INFORMATION PROVIDED —
* * * * *

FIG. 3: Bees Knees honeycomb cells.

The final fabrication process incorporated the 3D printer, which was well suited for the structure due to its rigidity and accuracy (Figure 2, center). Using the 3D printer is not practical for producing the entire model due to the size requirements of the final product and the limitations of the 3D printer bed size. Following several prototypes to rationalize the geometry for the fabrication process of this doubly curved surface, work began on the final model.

* * * * *

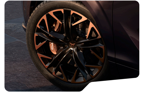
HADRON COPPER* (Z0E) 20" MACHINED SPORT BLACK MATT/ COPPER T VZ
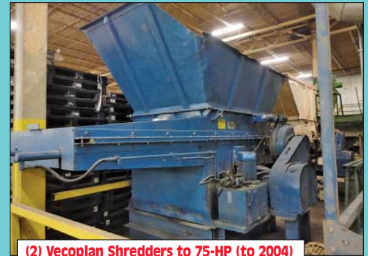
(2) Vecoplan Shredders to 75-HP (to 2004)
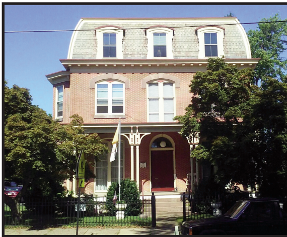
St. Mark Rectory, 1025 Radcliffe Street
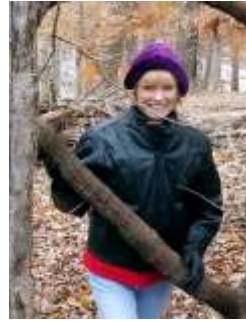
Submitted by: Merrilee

* * * * *

In the records above, everything from the line with "St. Mark Rectory, 1025 Radcliffe Street" down to the line with "Submitted by: Merrilee" is to be set down exactly, both ends included, with no pictures and no other lines.

ANSWER FOR THE TASK —
St. Mark Rectory, 1025 Radcliffe Street
Submitted by: Merrilee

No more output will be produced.